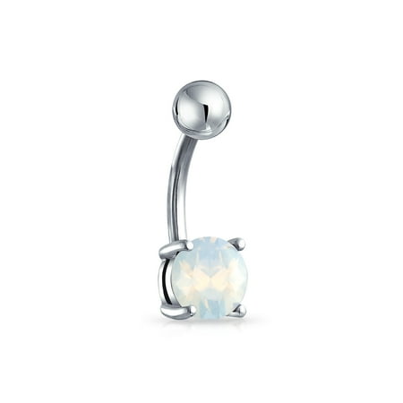 White Rainbow Opalite Solitaire Navel Bar Belly Ring For Women316l
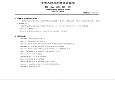 本标准主要起草人周巧娥、高宏、戴滢。本标准参照日本食品添加物公定书第五版(1986年)亚硝酸钠标准。国家技术监督局1992-11-03批准11
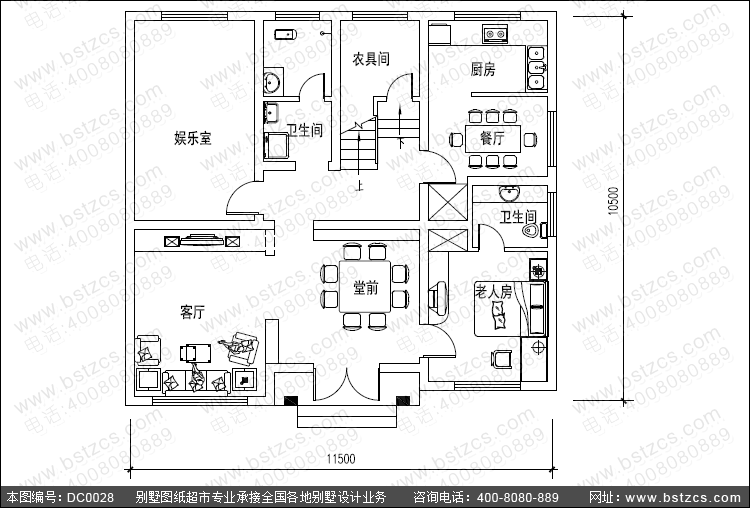 一 層:堂屋、客廳、老人房(附衛(wèi)生間)、娛樂(lè)室、廚房、餐廳、農(nóng)具間、衛(wèi)生間
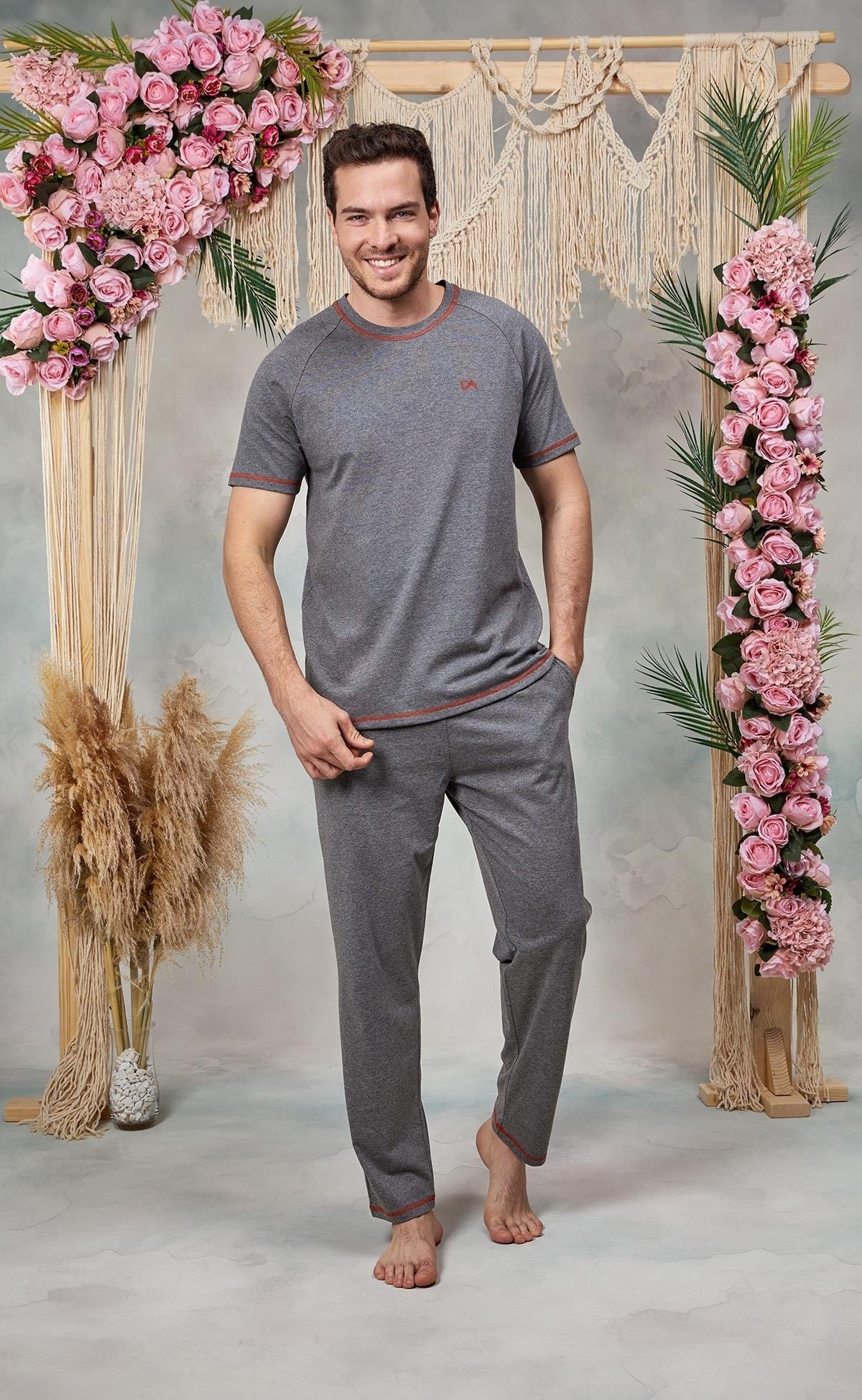 Ev giyimi olarak ideal olan bu takım, uyku sırasında da rahat bir alternatif oluşturur. Kullanılan ribana dikişi, dayanıklılığı ile dikkat çekerken, bisiklet yaka tasarımı ise modern bir görünüm sağlar. Gri tonlarının şıklığı, evde geçireceğiniz zamanlarda bile stilinizi korumanıza yardımcı olacaktır. Ayrıca, bu pijama takımı, hem yatak odasında hem de evde geçirdiğiniz keyifli anlarda sizi rahat ve şık hissettirecek ideal bir parçadır.
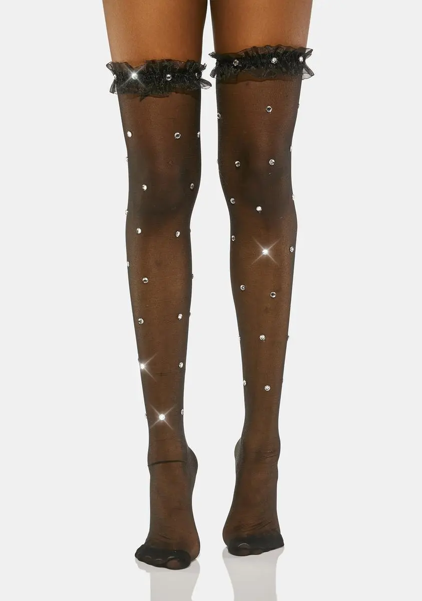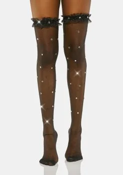 cuz you’re such a social butterfly. These thigh high socks have a sheer construction, a frilly trim, and rhinestones all over.

> [Try it] Starting at the line that contains "Ev giyimi olarak", restate each line verbatim through the final line of the listing, skipping all pictures.

> [Response to the task]
 Ev giyimi olarak ideal olan bu takım, uyku sırasında da rahat bir alternatif oluşturur. Kullanılan ribana dikişi, dayanıklılığı ile dikkat çekerken, bisiklet yaka tasarımı ise modern bir görünüm sağlar. Gri tonlarının şıklığı, evde geçireceğiniz zamanlarda bile stilinizi korumanıza yardımcı olacaktır. Ayrıca, bu pijama takımı, hem yatak odasında hem de evde geçirdiğiniz keyifli anlarda sizi rahat ve şık hissettirecek ideal bir parçadır.
 cuz you’re such a social butterfly. These thigh high socks have a sheer construction, a frilly trim, and rhinestones all over.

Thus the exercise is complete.